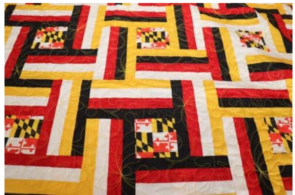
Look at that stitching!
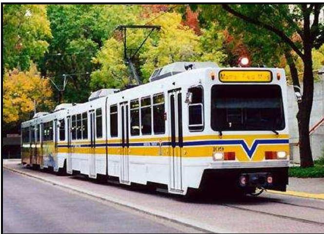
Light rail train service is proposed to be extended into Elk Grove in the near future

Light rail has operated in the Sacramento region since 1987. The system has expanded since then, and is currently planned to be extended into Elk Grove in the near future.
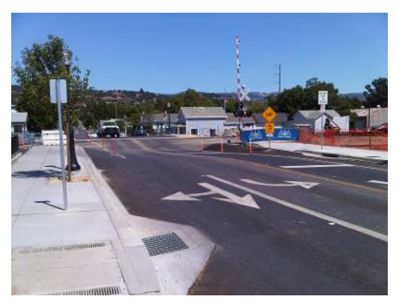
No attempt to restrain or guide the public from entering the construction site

━━━━━━━━━━━━━━━━━━━━

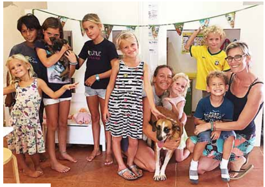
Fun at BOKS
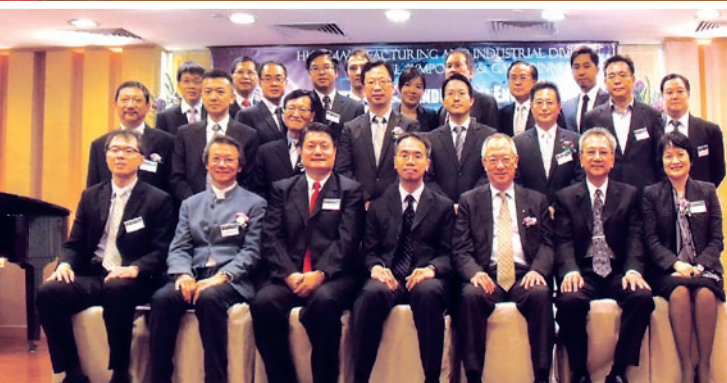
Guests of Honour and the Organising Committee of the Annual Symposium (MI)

━━━━━━━━━━━━━━━━━━━━

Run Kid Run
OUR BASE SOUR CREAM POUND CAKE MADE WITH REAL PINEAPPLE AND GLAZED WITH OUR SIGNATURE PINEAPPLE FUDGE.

━━━━━━━━━━━━━━━━━━━━

▶ [INSTRUCTIONS TO FOLLOW]:
Across the listing above, find all lines where the word "Grove" is present and copy them.

▶ [SOLUTION TO THE EXERCISE]:
Light rail train service is proposed to be extended into Elk Grove in the near future
Light rail has operated in the Sacramento region since 1987. The system has expanded since then, and is currently planned to be extended into Elk Grove in the near future.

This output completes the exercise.